## [Given entries]
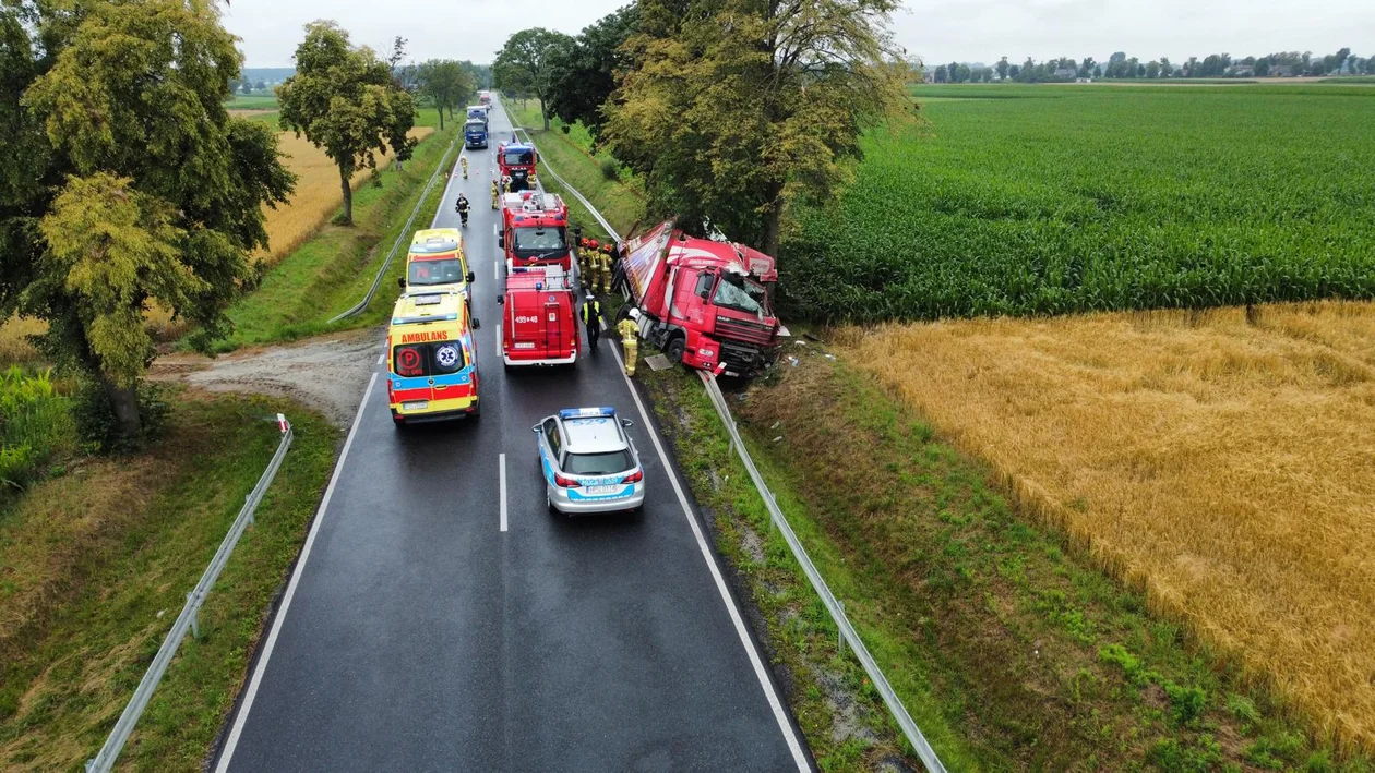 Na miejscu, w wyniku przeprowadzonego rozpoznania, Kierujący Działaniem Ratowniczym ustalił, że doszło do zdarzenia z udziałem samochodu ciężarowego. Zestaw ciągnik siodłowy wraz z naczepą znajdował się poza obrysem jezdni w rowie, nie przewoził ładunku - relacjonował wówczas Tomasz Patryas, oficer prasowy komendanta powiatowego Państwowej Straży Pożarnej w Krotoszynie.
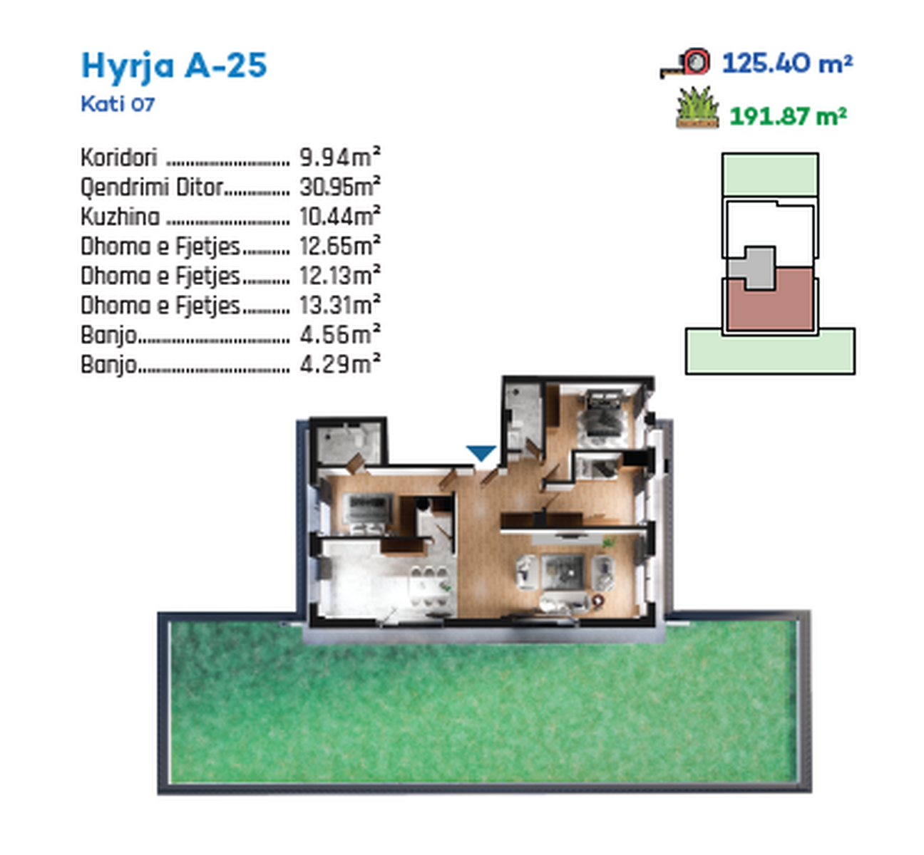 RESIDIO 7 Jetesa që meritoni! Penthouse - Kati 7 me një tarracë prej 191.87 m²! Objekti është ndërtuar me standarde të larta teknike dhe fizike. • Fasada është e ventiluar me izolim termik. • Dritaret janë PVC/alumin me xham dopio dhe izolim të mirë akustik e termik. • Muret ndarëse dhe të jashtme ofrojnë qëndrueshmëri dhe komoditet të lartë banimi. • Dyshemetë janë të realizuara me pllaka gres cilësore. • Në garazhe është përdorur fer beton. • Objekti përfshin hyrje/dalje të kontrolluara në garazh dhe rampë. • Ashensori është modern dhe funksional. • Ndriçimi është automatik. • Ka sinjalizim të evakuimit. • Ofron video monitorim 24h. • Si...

--

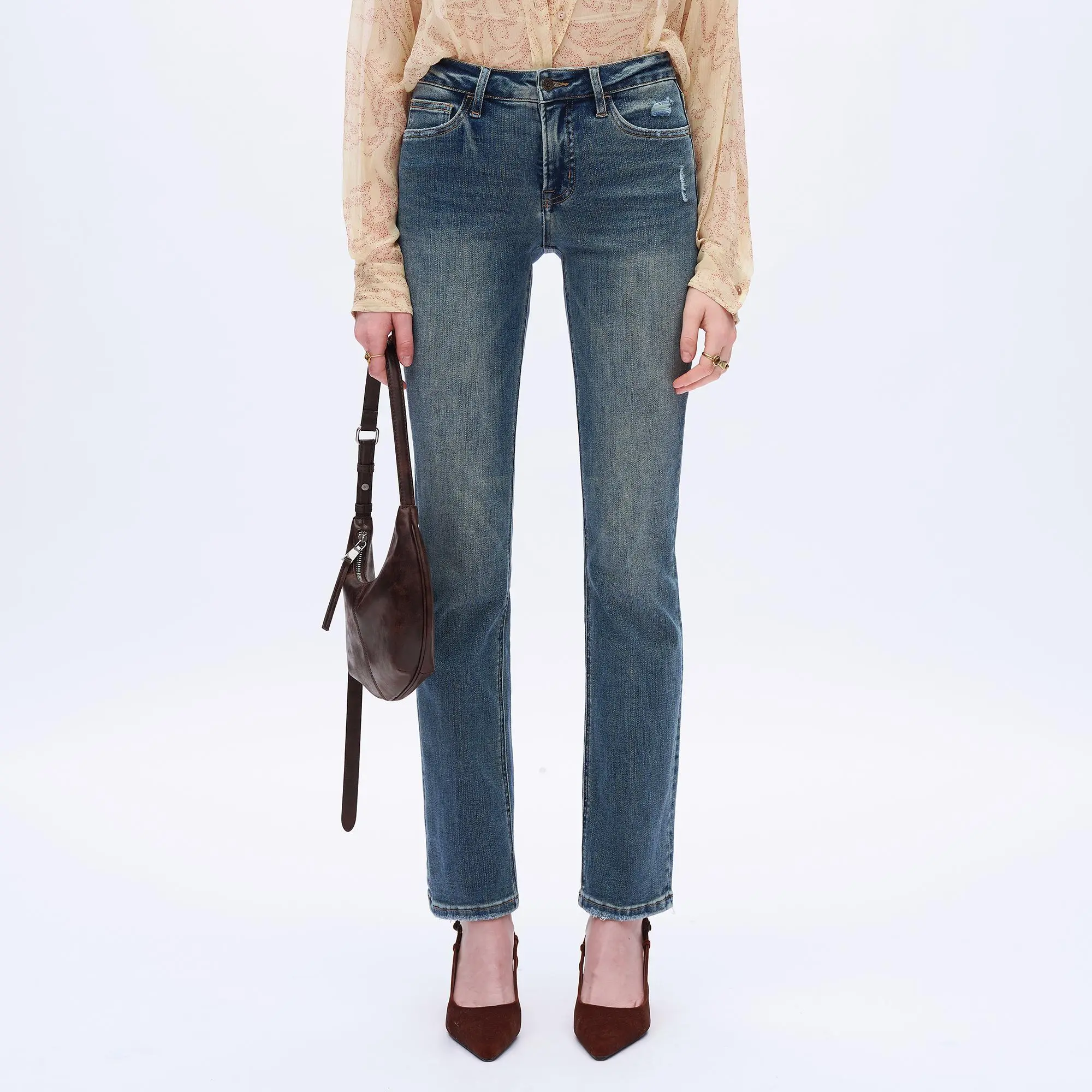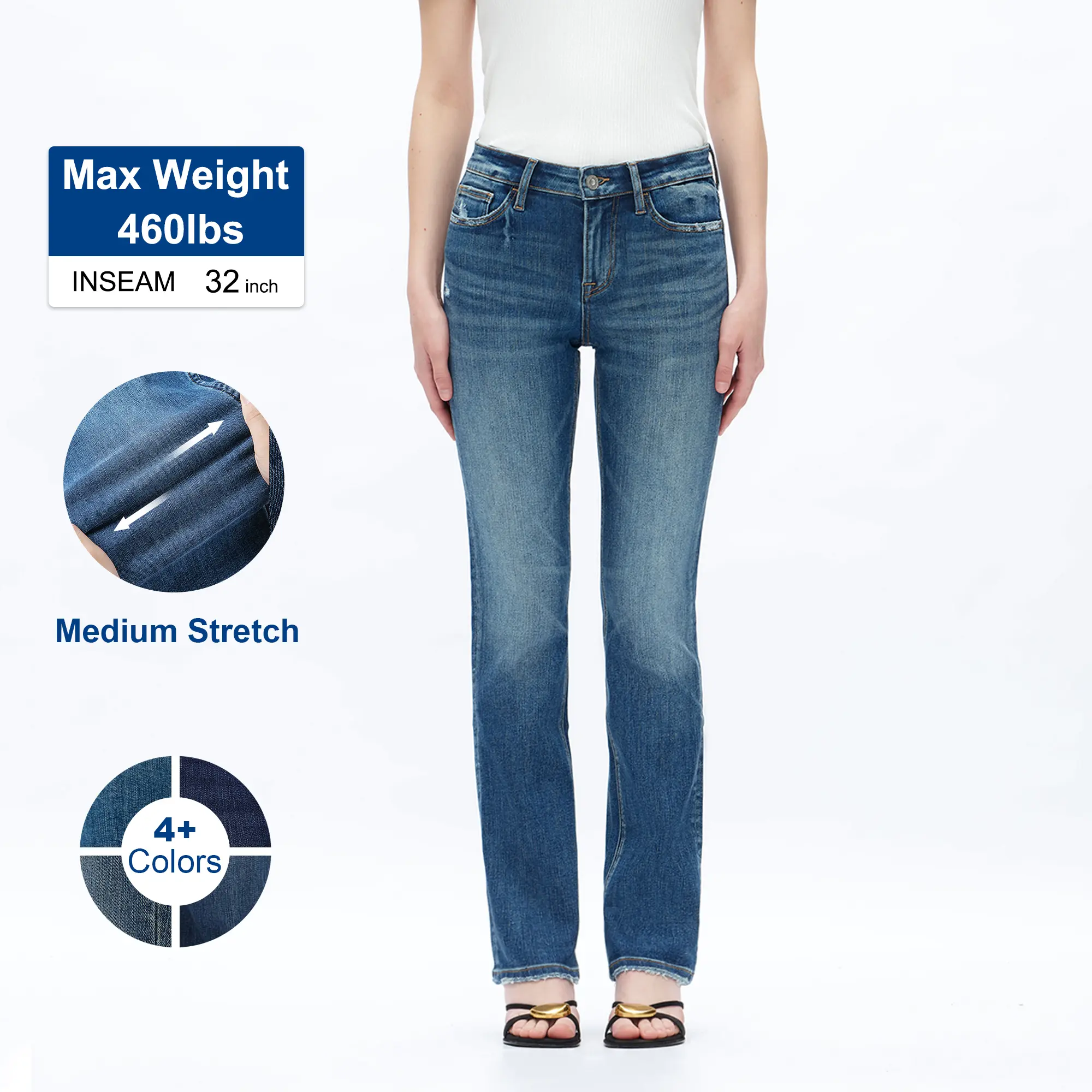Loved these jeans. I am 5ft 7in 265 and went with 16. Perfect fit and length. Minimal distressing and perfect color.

## [What you will do]
Print nothing except the lines above from the one containing "Na miejscu, w" down to the one containing "RESIDIO 7 Jetesa", both included, exactly as written and free of pictures.

## [Answer area]
 Na miejscu, w wyniku przeprowadzonego rozpoznania, Kierujący Działaniem Ratowniczym ustalił, że doszło do zdarzenia z udziałem samochodu ciężarowego. Zestaw ciągnik siodłowy wraz z naczepą znajdował się poza obrysem jezdni w rowie, nie przewoził ładunku - relacjonował wówczas Tomasz Patryas, oficer prasowy komendanta powiatowego Państwowej Straży Pożarnej w Krotoszynie.
 RESIDIO 7 Jetesa që meritoni! Penthouse - Kati 7 me një tarracë prej 191.87 m²! Objekti është ndërtuar me standarde të larta teknike dhe fizike. • Fasada është e ventiluar me izolim termik. • Dritaret janë PVC/alumin me xham dopio dhe izolim të mirë akustik e termik. • Muret ndarëse dhe të jashtme ofrojnë qëndrueshmëri dhe komoditet të lartë banimi. • Dyshemetë janë të realizuara me pllaka gres cilësore. • Në garazhe është përdorur fer beton. • Objekti përfshin hyrje/dalje të kontrolluara në garazh dhe rampë. • Ashensori është modern dhe funksional. • Ndriçimi është automatik. • Ka sinjalizim të evakuimit. • Ofron video monitorim 24h. • Si...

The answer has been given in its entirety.